#### [Exercise requirements]
Give the whole listing below once more, exactly, without pictures.

#### [Dataset records]
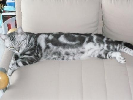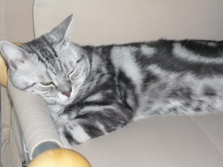 最近、ソファーベッドの肘置きを枕にして寝てたので、写真を載せてみますね。
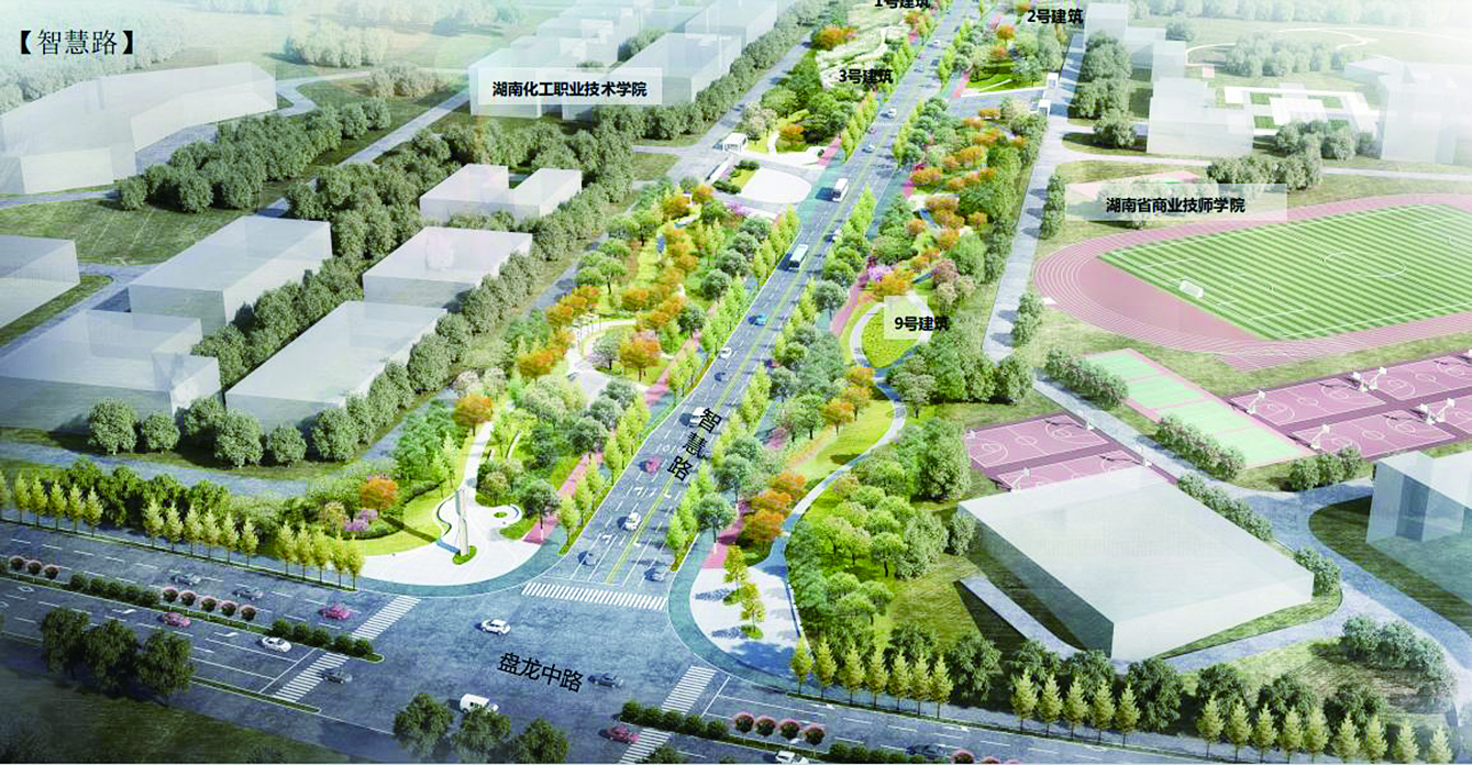 其近期建设计划为智慧路(盘龙中路—厚信路;弘智路—新塘路)段,总长约2.17公里,面积约9.3公顷。远期为智慧路(迎宾大道—盘龙中路)段,长约0.93公里,面积约2.8公顷。并包括智慧广场段,长约0.6公里,面积约11.39公顷。
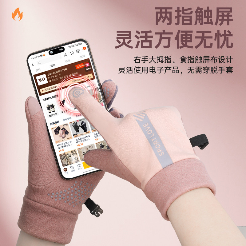 骆驼手套冬季男士户外跑步运动防寒薄绒保暖女可触屏防滑骑行手套
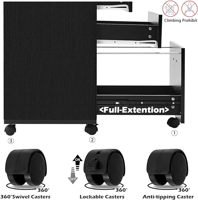 Panana 3 Drawer Wood Mobile File Cabinet, Under Desk Storage Drawers Small File Cabinet for Home Office (Black)
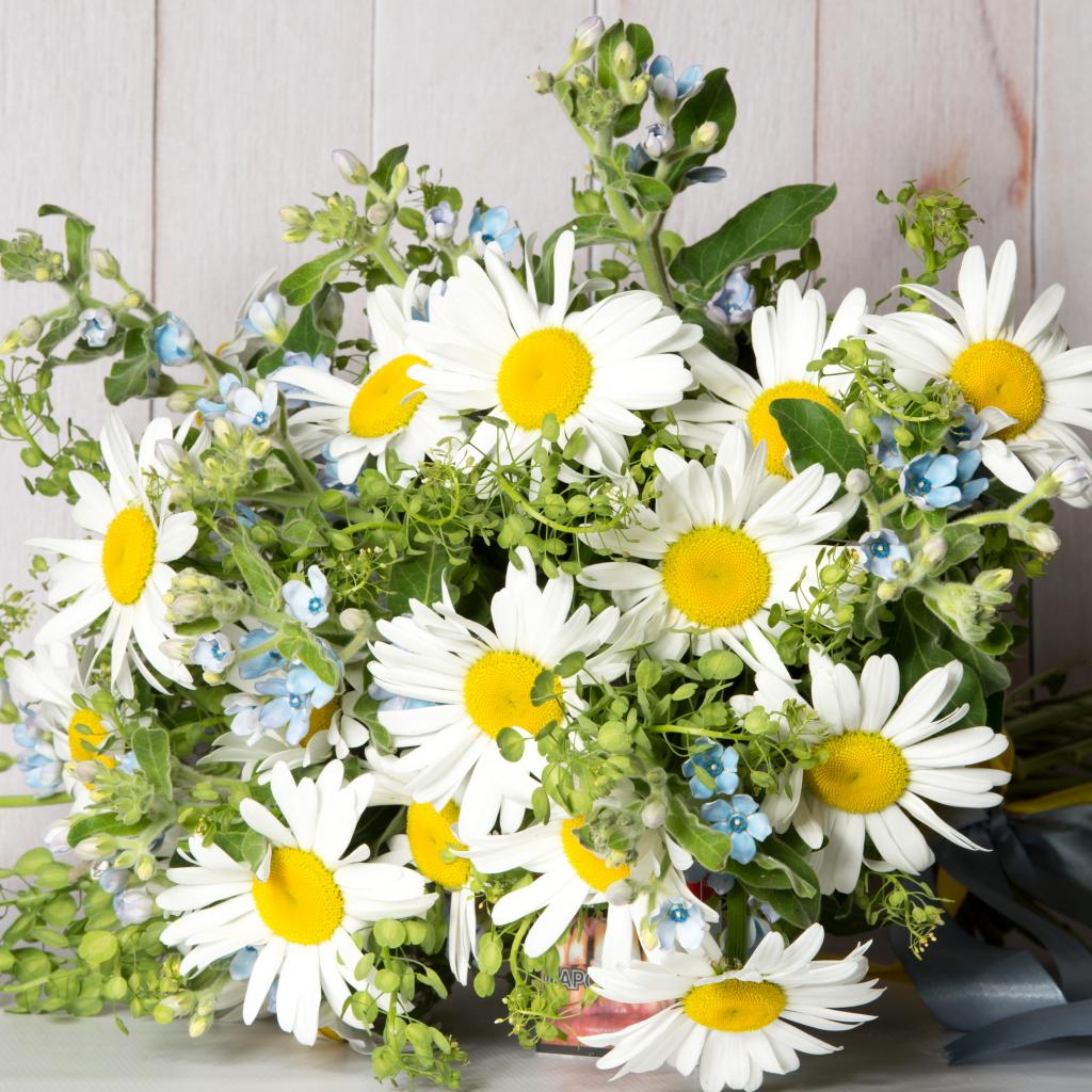 Wallpaper Bouquet of field chamomiles bandaged with ribbon
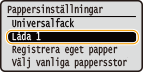 Om du ofta behöver byta papperstyp när du fyller på papper kan du ange <Fritt> för att spara tid genom att inte behöva ändra inställning varje gång. Notera dock att med den här inställningen görs utskrifter även när inställningen för papperstyp i skrivardrivrutinen inte stämmer överens med den papperstyp som har fyllts på i enheten.
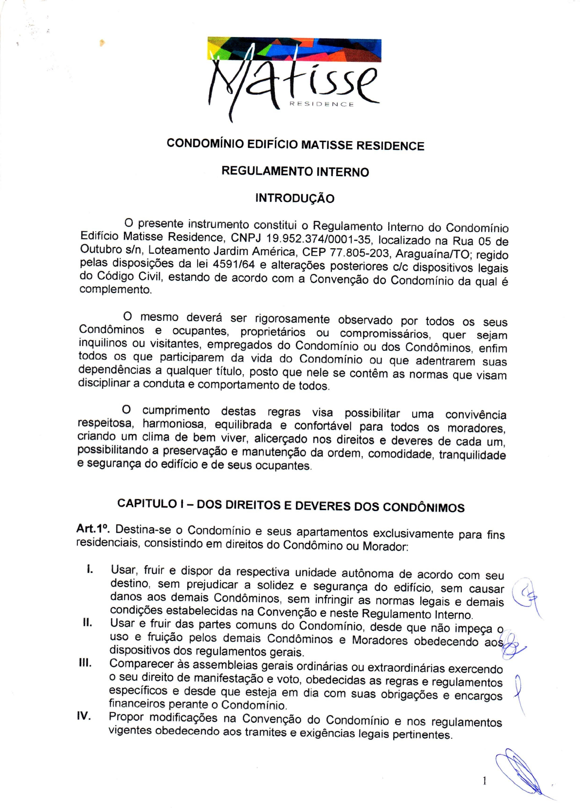 REGULAMENTO INTERNO - ED. MATISSE RESIDENCE

#### [Task solution]
 最近、ソファーベッドの肘置きを枕にして寝てたので、写真を載せてみますね。
 其近期建设计划为智慧路(盘龙中路—厚信路;弘智路—新塘路)段,总长约2.17公里,面积约9.3公顷。远期为智慧路(迎宾大道—盘龙中路)段,长约0.93公里,面积约2.8公顷。并包括智慧广场段,长约0.6公里,面积约11.39公顷。
 骆驼手套冬季男士户外跑步运动防寒薄绒保暖女可触屏防滑骑行手套
 Panana 3 Drawer Wood Mobile File Cabinet, Under Desk Storage Drawers Small File Cabinet for Home Office (Black)
 Wallpaper Bouquet of field chamomiles bandaged with ribbon
 Om du ofta behöver byta papperstyp när du fyller på papper kan du ange <Fritt> för att spara tid genom att inte behöva ändra inställning varje gång. Notera dock att med den här inställningen görs utskrifter även när inställningen för papperstyp i skrivardrivrutinen inte stämmer överens med den papperstyp som har fyllts på i enheten.
 REGULAMENTO INTERNO - ED. MATISSE RESIDENCE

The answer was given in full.